Assignment:
For the data below, transcribe the part that opens with the line containing "Ресторан крымско-татарской кухни" and closes with the line containing "会展经济与管理专业团队在上一", exactly and with no pictures.

--- START ---

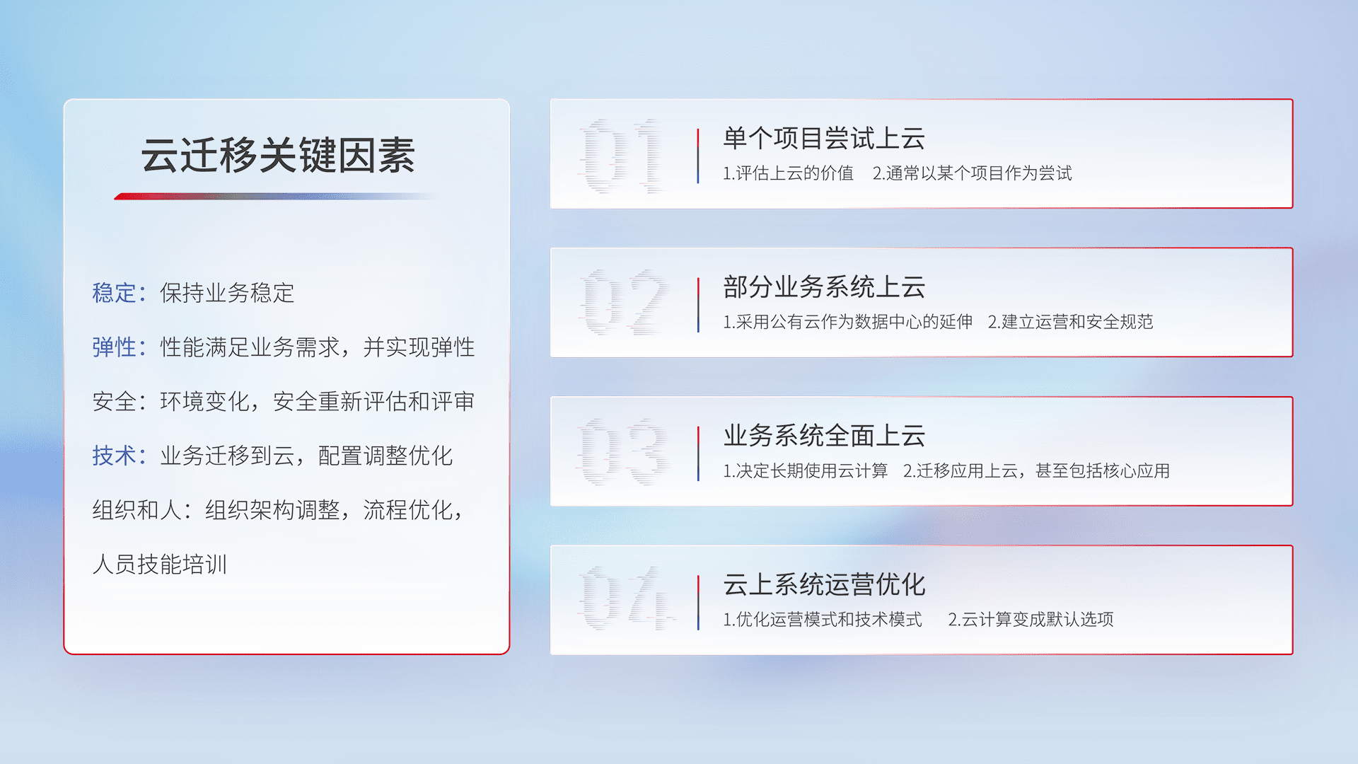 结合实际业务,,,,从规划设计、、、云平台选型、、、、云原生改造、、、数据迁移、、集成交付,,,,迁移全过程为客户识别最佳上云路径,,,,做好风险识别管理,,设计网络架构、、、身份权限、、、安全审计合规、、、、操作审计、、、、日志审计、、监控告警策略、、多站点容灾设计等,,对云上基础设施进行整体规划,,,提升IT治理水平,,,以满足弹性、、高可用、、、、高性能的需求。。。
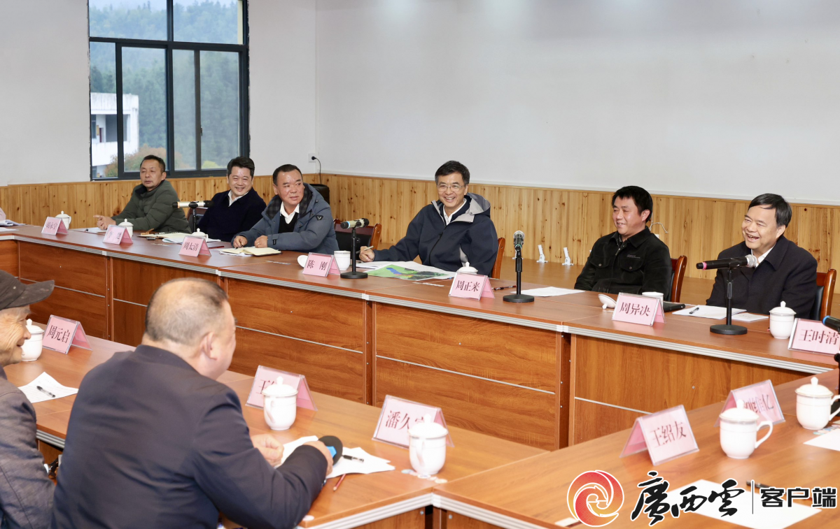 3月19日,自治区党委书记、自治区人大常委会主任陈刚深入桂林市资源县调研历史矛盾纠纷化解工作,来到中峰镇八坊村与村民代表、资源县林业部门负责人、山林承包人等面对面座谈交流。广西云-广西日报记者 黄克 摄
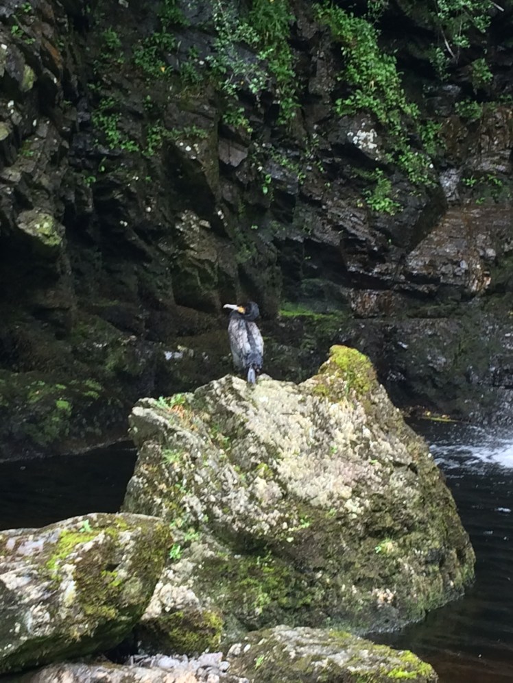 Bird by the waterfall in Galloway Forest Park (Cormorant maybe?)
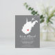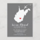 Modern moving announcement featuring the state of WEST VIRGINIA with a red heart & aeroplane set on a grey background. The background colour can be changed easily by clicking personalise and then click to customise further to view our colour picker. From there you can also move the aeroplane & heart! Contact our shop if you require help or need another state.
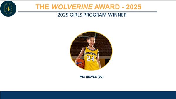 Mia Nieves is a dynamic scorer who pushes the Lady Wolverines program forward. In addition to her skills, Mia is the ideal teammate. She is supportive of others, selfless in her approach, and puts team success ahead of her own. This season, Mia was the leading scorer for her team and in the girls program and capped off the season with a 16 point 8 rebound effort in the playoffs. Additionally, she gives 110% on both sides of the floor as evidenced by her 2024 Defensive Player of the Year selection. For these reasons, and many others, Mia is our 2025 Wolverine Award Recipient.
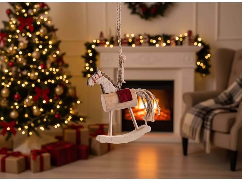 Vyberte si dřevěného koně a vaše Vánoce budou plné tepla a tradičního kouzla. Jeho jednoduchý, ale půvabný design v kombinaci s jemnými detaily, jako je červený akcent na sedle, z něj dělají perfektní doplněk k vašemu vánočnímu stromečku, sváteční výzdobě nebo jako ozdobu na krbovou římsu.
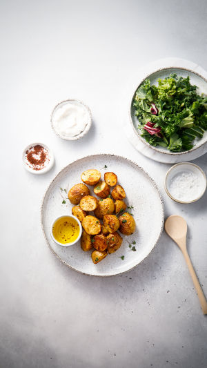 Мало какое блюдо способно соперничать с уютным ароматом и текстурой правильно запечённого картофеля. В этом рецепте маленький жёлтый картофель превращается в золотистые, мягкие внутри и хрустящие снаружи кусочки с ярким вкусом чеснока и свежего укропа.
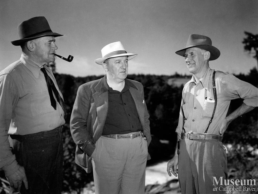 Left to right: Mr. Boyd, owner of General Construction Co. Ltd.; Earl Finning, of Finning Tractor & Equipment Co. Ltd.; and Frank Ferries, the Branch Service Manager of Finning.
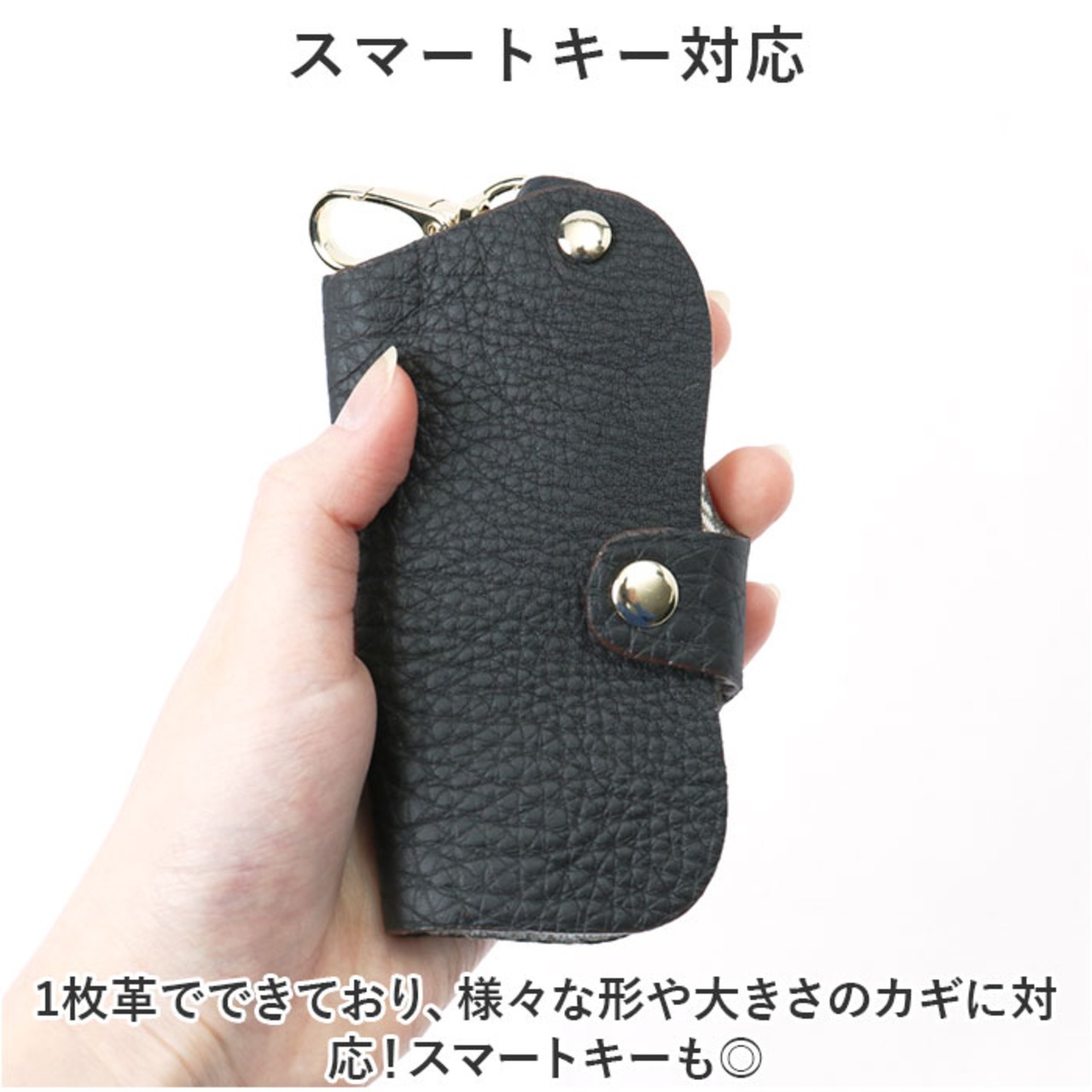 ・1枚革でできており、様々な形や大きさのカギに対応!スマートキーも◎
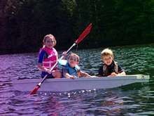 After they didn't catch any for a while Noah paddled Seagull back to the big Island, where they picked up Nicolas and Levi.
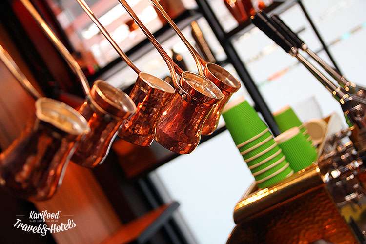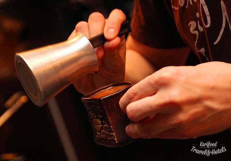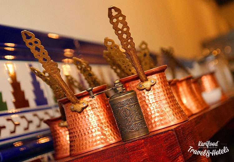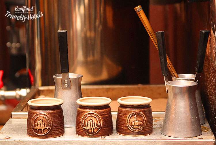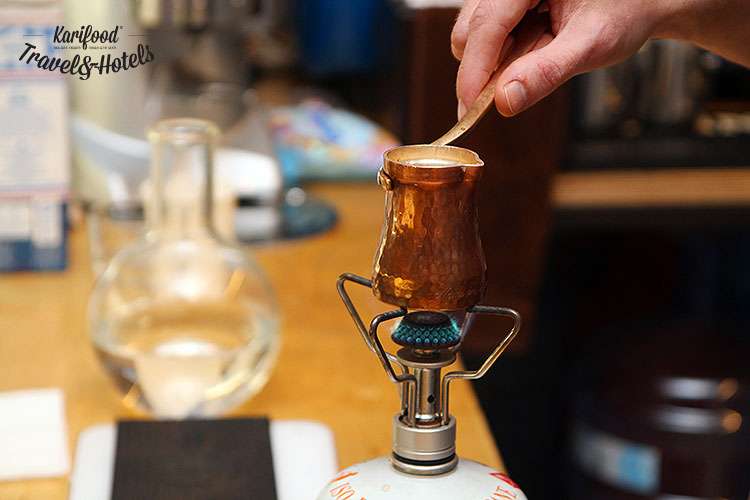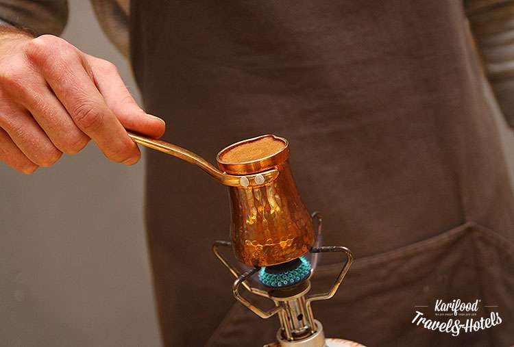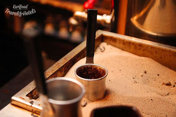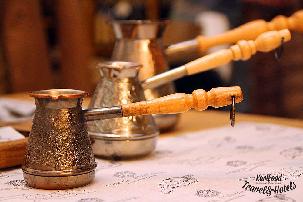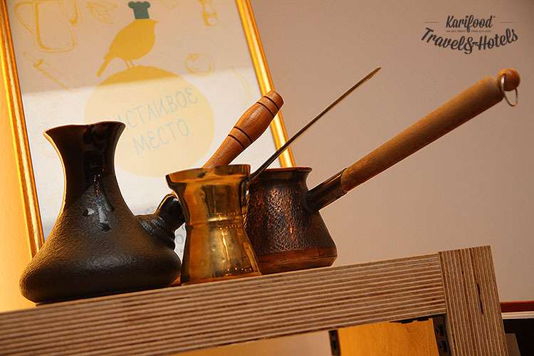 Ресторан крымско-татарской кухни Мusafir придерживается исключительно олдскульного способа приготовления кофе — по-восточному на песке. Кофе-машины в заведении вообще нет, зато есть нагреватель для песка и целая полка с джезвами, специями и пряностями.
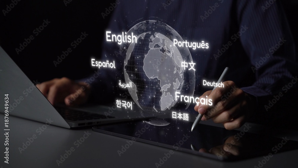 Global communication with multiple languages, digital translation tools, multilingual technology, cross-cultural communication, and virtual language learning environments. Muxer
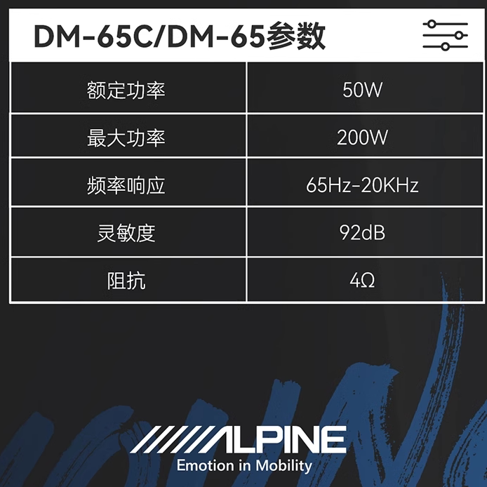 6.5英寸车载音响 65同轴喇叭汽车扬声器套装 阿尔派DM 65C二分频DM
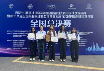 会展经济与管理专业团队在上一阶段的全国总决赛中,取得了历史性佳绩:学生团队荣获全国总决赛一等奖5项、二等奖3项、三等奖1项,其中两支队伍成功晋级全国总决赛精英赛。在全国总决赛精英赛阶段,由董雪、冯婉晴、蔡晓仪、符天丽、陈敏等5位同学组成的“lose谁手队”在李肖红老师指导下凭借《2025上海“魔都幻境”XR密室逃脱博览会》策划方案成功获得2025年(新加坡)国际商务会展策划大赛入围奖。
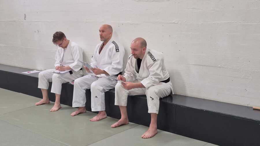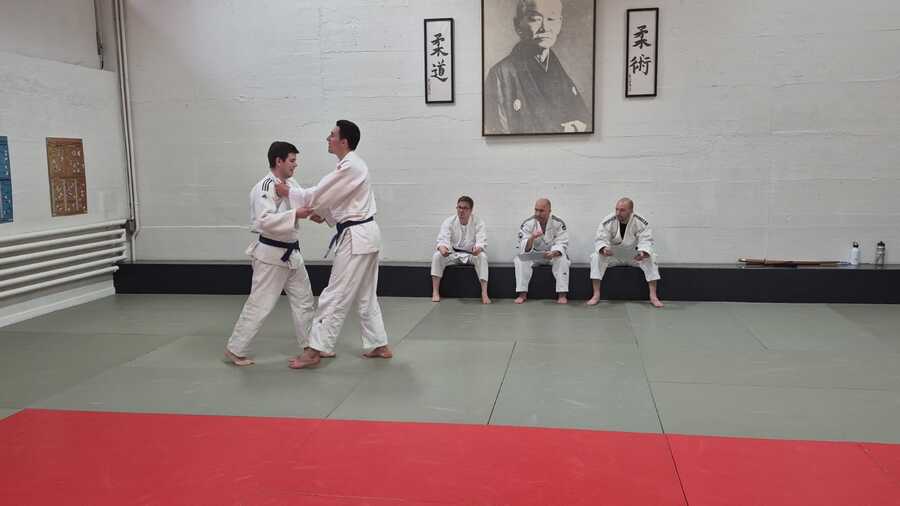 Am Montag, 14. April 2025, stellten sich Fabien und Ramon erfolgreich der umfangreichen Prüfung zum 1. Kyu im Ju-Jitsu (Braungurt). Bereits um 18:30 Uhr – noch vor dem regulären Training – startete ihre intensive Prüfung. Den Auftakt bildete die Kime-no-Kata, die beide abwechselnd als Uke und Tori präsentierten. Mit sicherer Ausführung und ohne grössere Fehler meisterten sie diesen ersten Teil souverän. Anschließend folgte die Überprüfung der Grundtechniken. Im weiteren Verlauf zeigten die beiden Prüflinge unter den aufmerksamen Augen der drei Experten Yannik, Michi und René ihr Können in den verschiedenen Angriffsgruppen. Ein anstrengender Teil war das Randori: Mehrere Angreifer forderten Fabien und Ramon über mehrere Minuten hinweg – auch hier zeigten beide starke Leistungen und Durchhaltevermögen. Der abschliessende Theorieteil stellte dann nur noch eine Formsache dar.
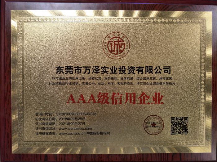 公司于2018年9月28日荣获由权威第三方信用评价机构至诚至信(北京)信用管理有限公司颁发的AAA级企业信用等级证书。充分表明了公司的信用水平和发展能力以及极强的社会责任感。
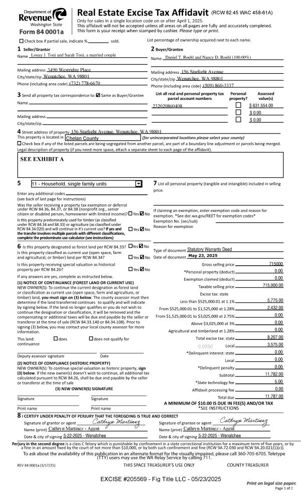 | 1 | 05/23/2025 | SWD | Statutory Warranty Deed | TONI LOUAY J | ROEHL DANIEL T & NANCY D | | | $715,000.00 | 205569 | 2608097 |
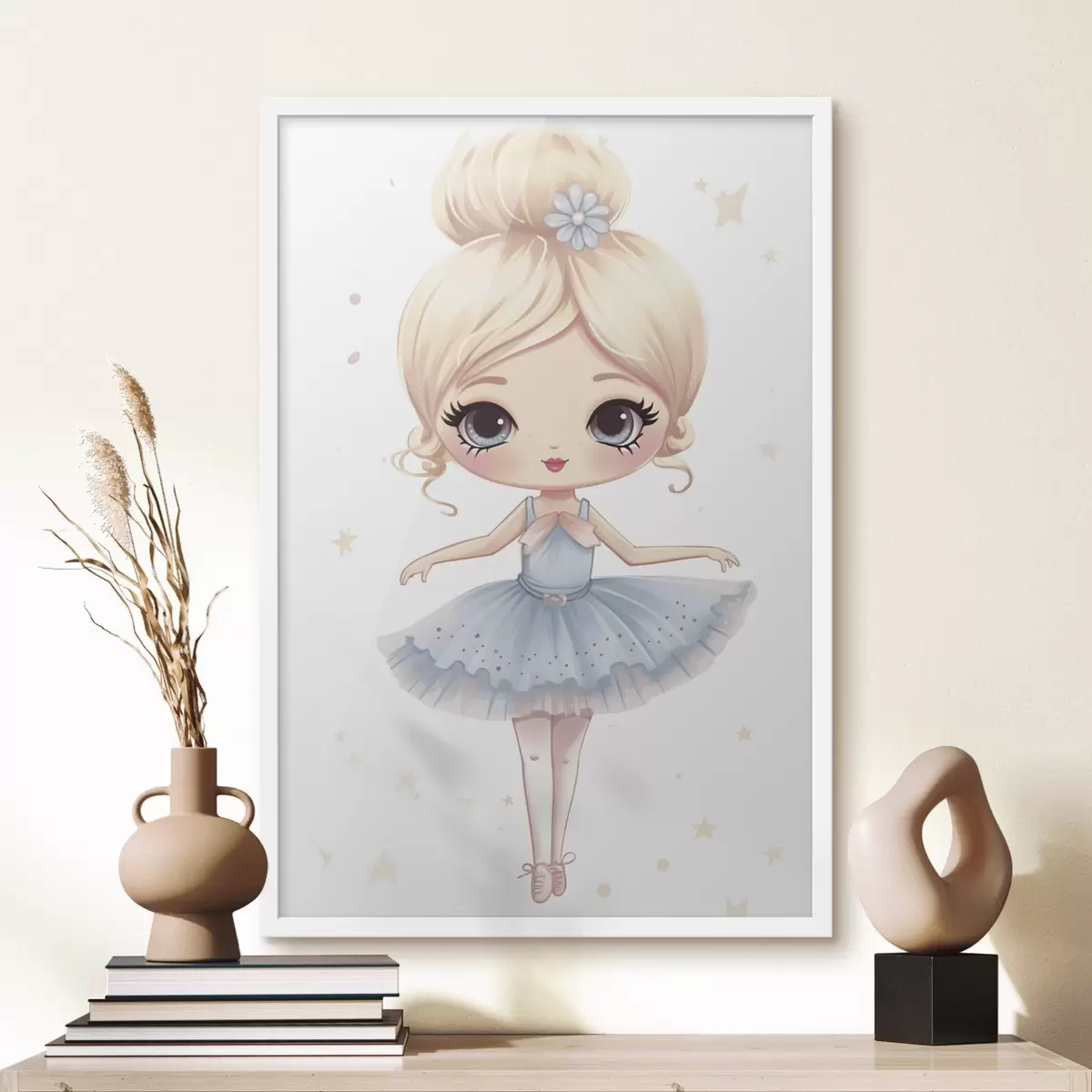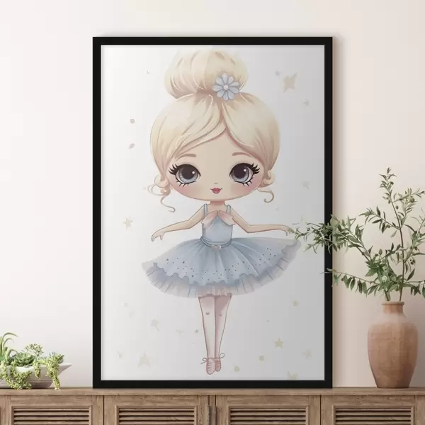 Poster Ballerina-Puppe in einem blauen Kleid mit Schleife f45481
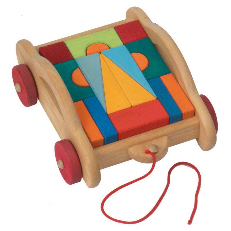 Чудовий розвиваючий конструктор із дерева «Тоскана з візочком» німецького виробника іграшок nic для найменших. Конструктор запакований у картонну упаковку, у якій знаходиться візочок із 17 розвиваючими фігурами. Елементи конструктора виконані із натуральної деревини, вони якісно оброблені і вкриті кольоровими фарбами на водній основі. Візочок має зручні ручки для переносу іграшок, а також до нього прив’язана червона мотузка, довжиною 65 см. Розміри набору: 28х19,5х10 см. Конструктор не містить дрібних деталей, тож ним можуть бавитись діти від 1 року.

--- END ---

Answer below:
 Ресторан крымско-татарской кухни Мusafir придерживается исключительно олдскульного способа приготовления кофе — по-восточному на песке. Кофе-машины в заведении вообще нет, зато есть нагреватель для песка и целая полка с джезвами, специями и пряностями.
 Global communication with multiple languages, digital translation tools, multilingual technology, cross-cultural communication, and virtual language learning environments. Muxer
 6.5英寸车载音响 65同轴喇叭汽车扬声器套装 阿尔派DM 65C二分频DM
 会展经济与管理专业团队在上一阶段的全国总决赛中,取得了历史性佳绩:学生团队荣获全国总决赛一等奖5项、二等奖3项、三等奖1项,其中两支队伍成功晋级全国总决赛精英赛。在全国总决赛精英赛阶段,由董雪、冯婉晴、蔡晓仪、符天丽、陈敏等5位同学组成的“lose谁手队”在李肖红老师指导下凭借《2025上海“魔都幻境”XR密室逃脱博览会》策划方案成功获得2025年(新加坡)国际商务会展策划大赛入围奖。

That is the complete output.